These pancakes are light, packed with protein, and perfect for a healthy breakfast or snack! Keep in mind, these are not your fluffy weekend pancakes. They’re thin, but fast, easy, and budget-friendly. Made with cottage cheese, banana, eggs, and oats, these pancakes are easy to digest and will keep you full all morning! I love topping them with peanut butter and a dash of maple syrup! Or, enjoy them dry as a healthy snack!

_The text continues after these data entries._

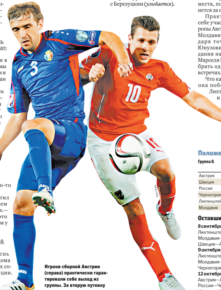
Игроки сборной Австрии (справа) практически гарантировали себе выход из группы. За вторую путевку спорят россияне и шведы.

Принципиальная игра прошла во Франкфурте, где сборная Германии взяла реванш у поляков и победила их со счетом 3:1. Напомним, в октябре прошлого года Роберт Левандовски и компания достаточно неожиданно переиграли действующих чемпионов мира (2:0) и до нынешней встречи удерживали лидерство в группе D. Дубль Марио Гетце и точный удар Томаса Мюллера позволили бундестим обогнать Польшу на два очка. Начало отборочного цикла было неудачным, но у нас много молодежи, которой нужно было время. Германия полностью доминировала в сегодняшней игре, хотя нам пришлось навернывать после гола Левандовского... В свою очередь Гетце подчеркнул: немцам принципиально занять первое место в группе. Мы могли решить все вопросы еще до перерыва, но в итоге допустили глупую ошибку, когда забивал Левандовски. Не сомневаемся, мы выполним задачу и финишируем на первой строчке, для нас это очень важно. Дия полузащитника «Баварии» второй гол в ворота поляков стал 15-м за сборную, и по этому показателю он обогнал Франца Беккенбауэра, Юппа Хайнкеса и Маттиаса Заммера.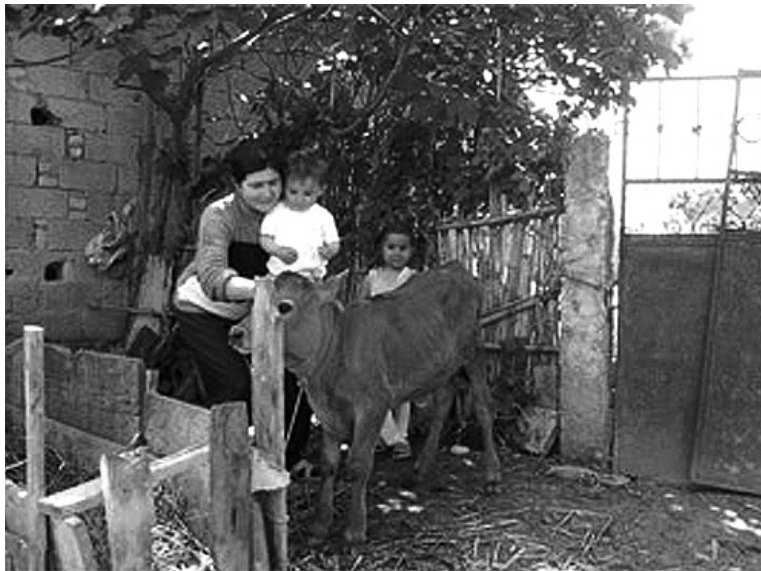
Na konkrétní výsledky čekáme

UNDP upozorňuje také na špatnou dostupnost zdravotní péče pro mnoho romských rodin, a na fakt, že mnoho dětí z početných rodin trpí podvýživou. Podle údajů Světové banky z roku 2003 pouze 39 % celkové albánské populace mělo zdravotní pojištění, konkrétní číslo u Romů se předpokládá ještě několikanásobně nižší. Oficiální albánské zdroje uvádějí, že Romové se dožívají v průměru až o deset let méně než majorita.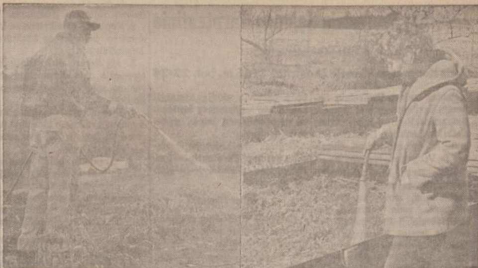
Amerikos ūkininkams žalias oras, sniegas ir lietus padarė didelių nuostolių. Kairėje Leesville, N. C., ūkininkas laisto tomėčių daigus, kad atšiltų ledai, o kairėje St. Joseph, Mich., šilaiti apsiręngusi moteris laisto tomėčių daigus.

gotis atvykstančių iš už Geležinės Uždangos "parlamentarų" bei "kultūrininkų", jau nekabant apie atvirus komunistų partijos narius ir valdžios pareigūnus.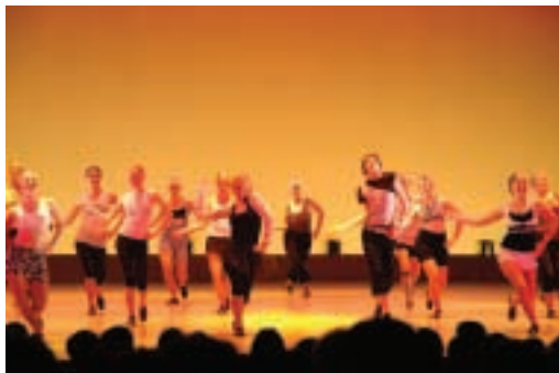
インバーカーギル市のダンススタジオによるジャズダンス

江戸時代に行われていた「松茸道中」にちなみ、太田市の大光院を出発した当時の思わせる出で立ちの一行が、妻沼聖天山まで松茸を運びました。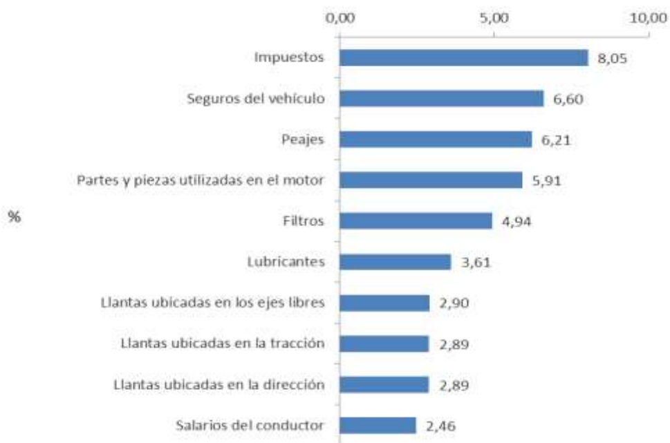
Gráfica 2 ICTC. Variación año corrido por clase de costo Mayo 2016

Cottage Cheese Blender Pancakes
These pancakes are light, packed with protein, and perfect for a healthy breakfast or snack! Keep in mind, these are not your fluffy weekend pancakes. They're thin, but fast, easy, and budget-friendly. Made with cottage cheese, banana, eggs, and oats, these pancakes are easy to digest and will keep you full all morning! I love topping them with peanut butter and a dash of maple syrup! Or, enjoy them dry as a healthy snack!
Ingredients
- 1 cup full-fat cottage cheese
- 1 banana
- 2 eggs
- ½ cup oats
- 2 Tbsp milk
- ½ tsp cinnamon
- 1 tsp baking powder
- dash salt
Instructions
- Blend all ingredients in a blender until smooth. The batter will be thick. It's okay if it's not completely smooth. Some texture is okay.
- Heat some butter on low-medium heat.
- Spoon the pancake batter onto the pan. Cook on one side until the batter starts to bubble slightly. Flip and cook on the other side.
- Enjoy with your favorite toppings!
Notes
- I used quick-oats, but rolled oats should work as well.
- Keep in mind I was using homemade cottage cheese which is significantly more dry than store-bought. If the batter is too thin, you can always add more oats.
- These pancakes are best cooked at a low temperature. Start on low-medium heat, and then you may need to turn the heat down slightly as you continue cooking them.
- The pancakes may feel undercooked when you take them off the pan. It's okay! Once they're out of the pan for half a minute to a minute they finish cooking and firm up really nicely.